== Segment start ==

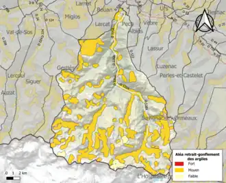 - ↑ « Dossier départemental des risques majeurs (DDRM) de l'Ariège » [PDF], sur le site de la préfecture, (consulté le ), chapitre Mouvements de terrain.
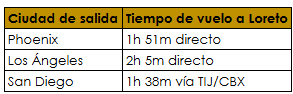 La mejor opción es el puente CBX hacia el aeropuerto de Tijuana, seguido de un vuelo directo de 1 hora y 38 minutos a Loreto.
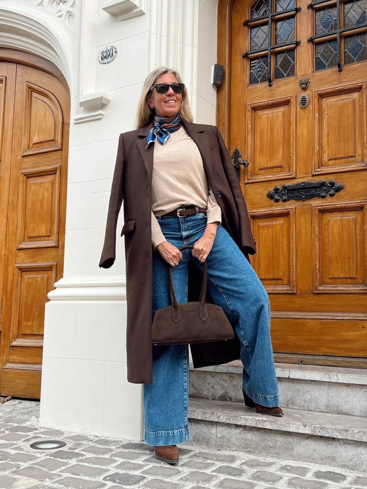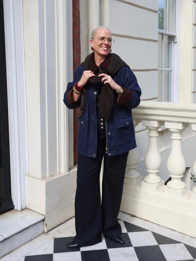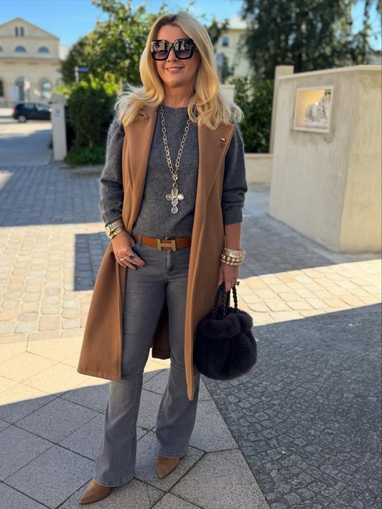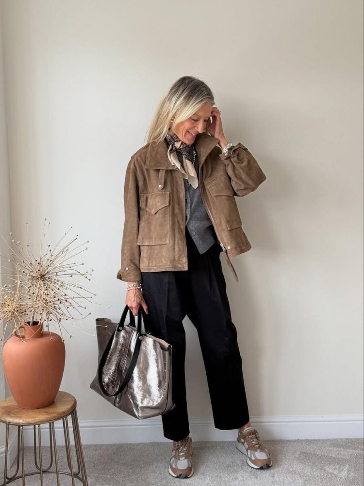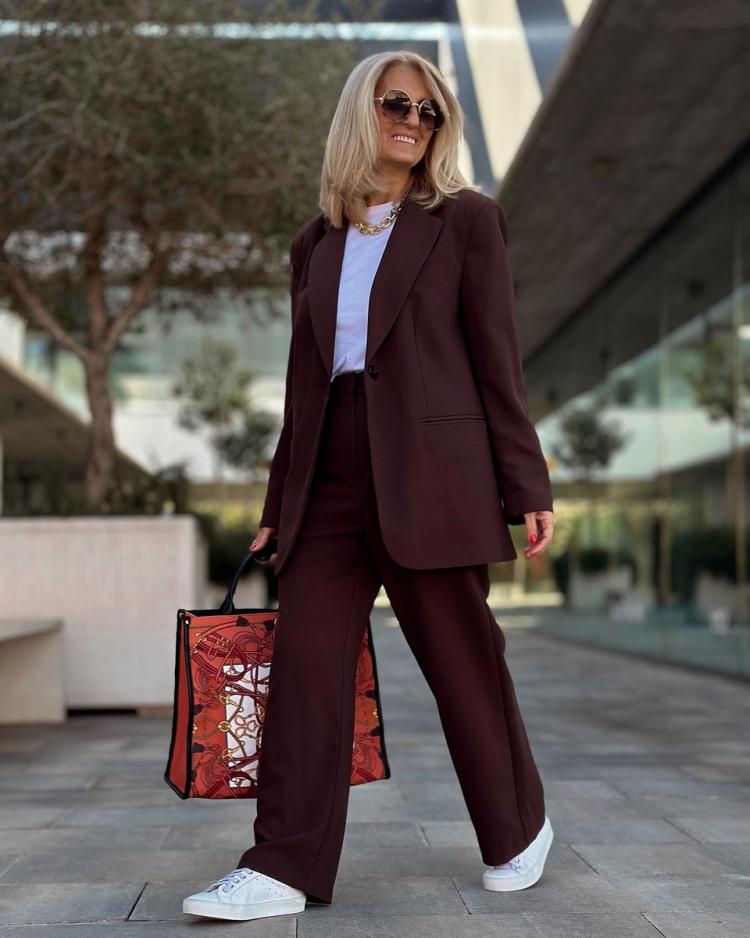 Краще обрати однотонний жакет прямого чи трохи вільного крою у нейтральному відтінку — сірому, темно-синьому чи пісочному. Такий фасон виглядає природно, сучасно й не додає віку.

== Segment end ==

> _To do_: Copy the listing exactly but drop its images.

> _Task response_:
 - ↑ « Dossier départemental des risques majeurs (DDRM) de l'Ariège » [PDF], sur le site de la préfecture, (consulté le ), chapitre Mouvements de terrain.
 La mejor opción es el puente CBX hacia el aeropuerto de Tijuana, seguido de un vuelo directo de 1 hora y 38 minutos a Loreto.
 Краще обрати однотонний жакет прямого чи трохи вільного крою у нейтральному відтінку — сірому, темно-синьому чи пісочному. Такий фасон виглядає природно, сучасно й не додає віку.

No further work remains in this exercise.